Half-filled Kondo lattice on the honeycomb lattice

The unique linear density of state around the Dirac points for the honeycomb lattice brings much novel features in strongly correlated models. Here we study the ground-state phase diagram of the Kondo lattice model on the honeycomb lattice at half-filling by using an extended mean-field theory. By treating magnetic interaction and Kondo screening on an equal footing, it is found that besides a trivial discontinuous first-order quantum phase transition between well-defined Kondo insulator and antiferromagnetic insulating state, there can exist a wide coexistence region with both Kondo screening and antiferromagnetic orders in the intermediate coupling regime.

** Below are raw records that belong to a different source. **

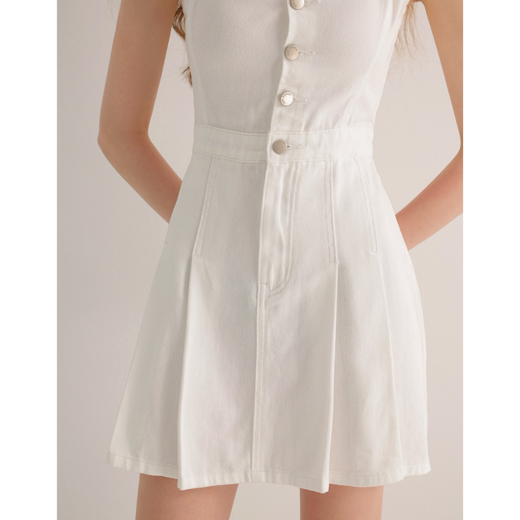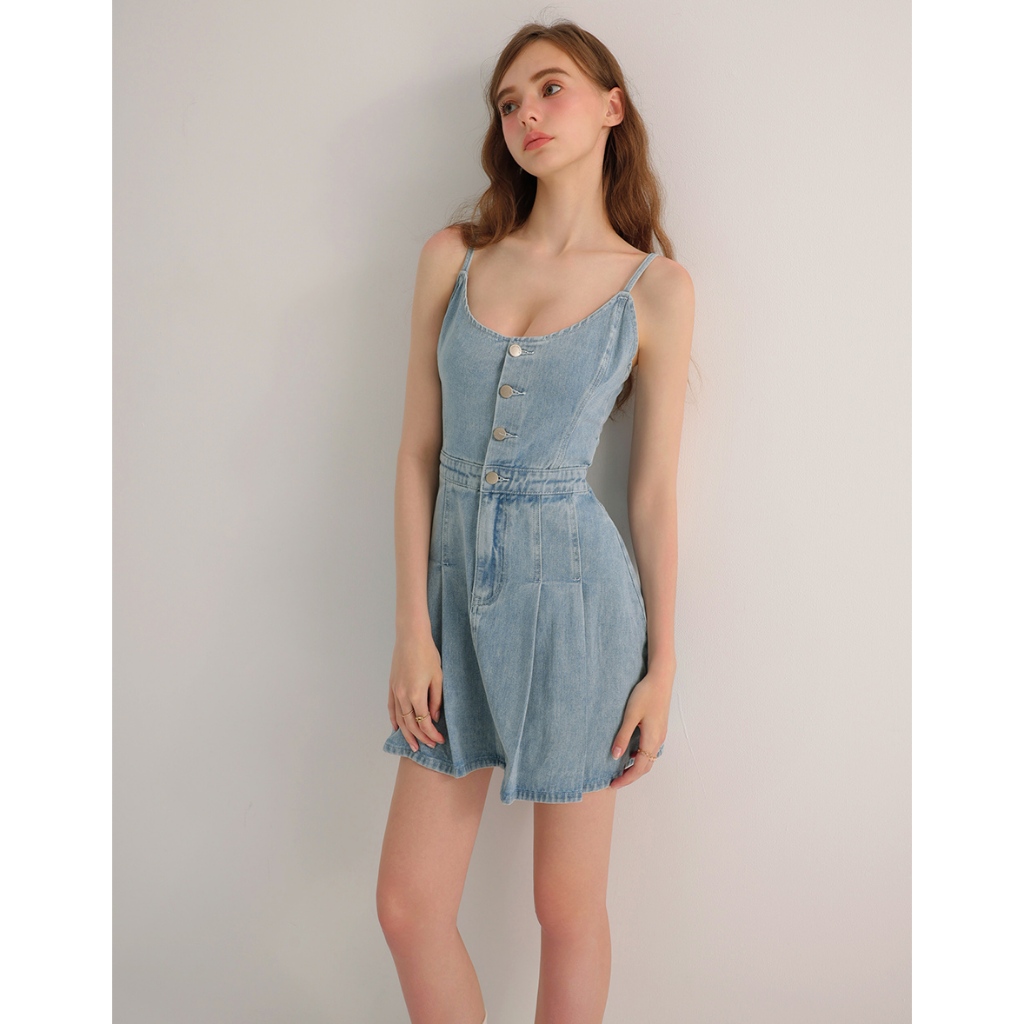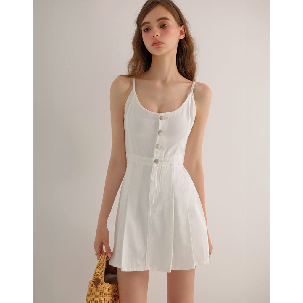 AIR SPACE 前打褶金屬釦細肩帶牛仔短洋裝(白/淺藍) 女裝 現貨白,S|白,M|白,L|淺藍,S|淺藍,M|淺藍,LAIR SPACE
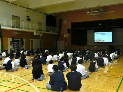 今日はその第1回目の時間で、体育館に学年全員が集まり、オリエンテーションとして学年主任の先生のお話を聞きました。その後、各教室に戻って「山科の魅力」について考えました。
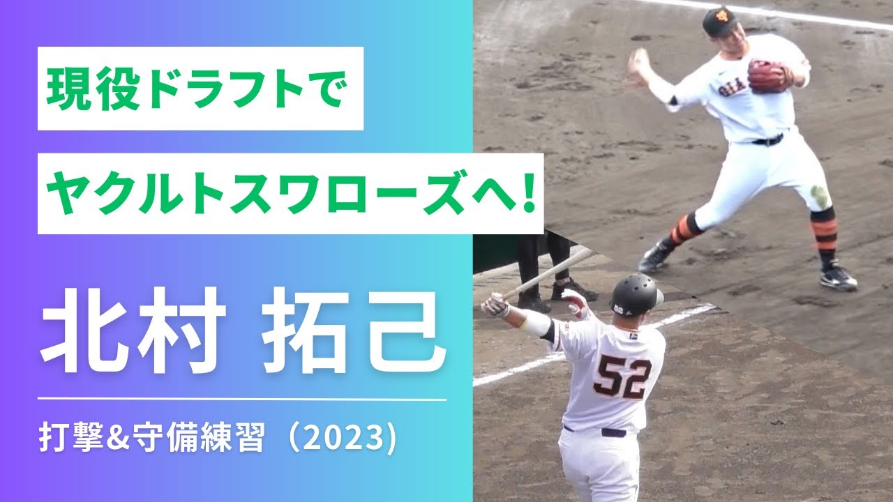現役ドラフトで読売ジャイアンツから東京ヤクルトスワローズに移籍が決まった北村拓己選手の練習の様子です。
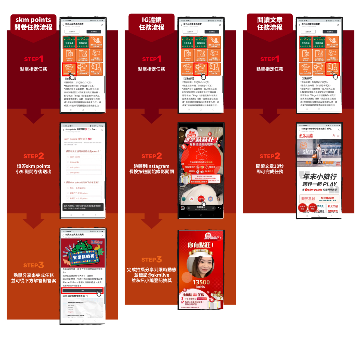 更簡單的來了!只要填寫幽默風趣的skm points問卷、玩IG濾鏡、閱讀相關文章,即可完成3項任務,直接三分鐘搞定一條連線!

In addition, the stability of Kondo insulator requires a minimum strength of the Kondo coupling. These features are attributed to the linear density of state, which are absent in the square lattice. Furthermore, fluctuation effect beyond the mean-field decoupling is analyzed and the corresponding antiferromagnetic spin-density-wave transition falls into the O(3) universal class. Comparatively, we also discuss the Kondo necklace and the Kane-Mele-Kondo (KMK) lattice models on the same lattice. Interestingly, it is found that the topological insulating state is unstable to the usual antiferromagnetic ordered states at half-filling for the KMK model. The present work may be helpful for further study on the interplay between conduction electrons and the densely localized spins on the honeycomb lattice.